Prisons may also be used as a tool of political repression to detain political prisoners, prisoners of conscience, and "enemies of the state", particularly by authoritarian regimes. In times of war or conflict, prisoners of war may also be detained in prisons. A prison system is the organizational arrangement of the provision and operation of prisons, and depending on their nature, may invoke a corrections system.

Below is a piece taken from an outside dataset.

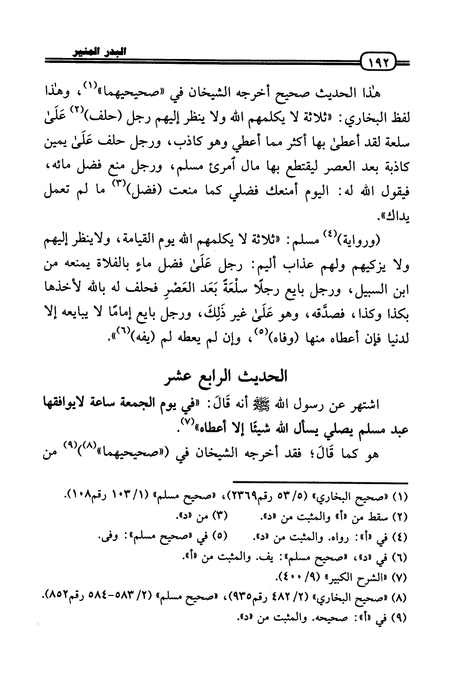 هَذَا الحَدِيث صَحِيح أخرجه الشَّيْخَانِ فِي «صَحِيحَيْهِمَا» ، وَهَذَا لفظ البُخَارِيّ: «ثَلَاثَة لَا يكلمهم الله وَلَا ينظر إِلَيْهِم رجل (حلف) عَلَى سلْعَة لقد أعْطى بهَا أَكثر مِمَّا أعطي وَهُوَ كَاذِب، وَرجل حلف عَلَى يَمِين كَاذِبَة بعد الْعَصْر ليقتطع بهَا مَال امْرِئ مُسلم، وَرجل منع فضل مَائه، فَيَقُول الله لَهُ: الْيَوْم أمنعك فضلي كَمَا منعت (فضل) مَا لم تعْمل يداك» .

Although people have been imprisoned throughout history, they have also regularly been able to perform prison escapes.

[edit] Other names and uses of the term

There are a variety of other names for prisons, such as a prison-house, penitentiary (IPA: /pɛnɪˈtɛnʃʌri/), or jail (in British English, the spelling gaol is sometimes used in formal contexts, although this spelling is pronounced in the same fashion). There are, also, many colloquial terms for prisons — such as big house, the Pen (short for penetentiary), the hole, beantown, stir, The Yard, can, clink, joint, jug, cooler, hoosegow, lockup, graybar hotel, concrete Hilton, lockdown, nick, pokey, slammer, up the river — and a similar range of terms for imprisonment, including doing time, bird, doing a bid, being a guest of Her Majesty, porridge, working for Copper John, etc.

The United States is one country where the term jail generally refers to facilities where detainees are locked up for a relatively short time (either while awaiting trial or serving a sentence of one year or less upon conviction for a misdemeanor). Prison and penitentiary typically denote a place where inmates go to serve long terms after having been found guilty of a felony. In the United States, jails are usually operated under the jurisdiction of local (county) governments while prisons are operated under the jurisdiction of state or federal governments. In the state of Massachusetts, some jails are known as houses of correction. In Washington some adult prisons are called reformatories, while in other states this is reserved as a term for a prison of the juvenile justice system. The term correctional facility has also been used.

[edit] Prison design and facilities

Male and female prisoners are typically kept in separate locations or prisons altogether. Prison accommodation, especially modern prisons in the developed world, are often divided into wings identified by a name, number or letter. These wings may be further divided into landings that are essentially "floors" containing up to thirty cells. Cells are the smallest prison accommodation, each holding at least one or two prisoners. Cells which hold more than three or four prisoners may be known as dormitories. A building holding more than one wing is known as a "hall".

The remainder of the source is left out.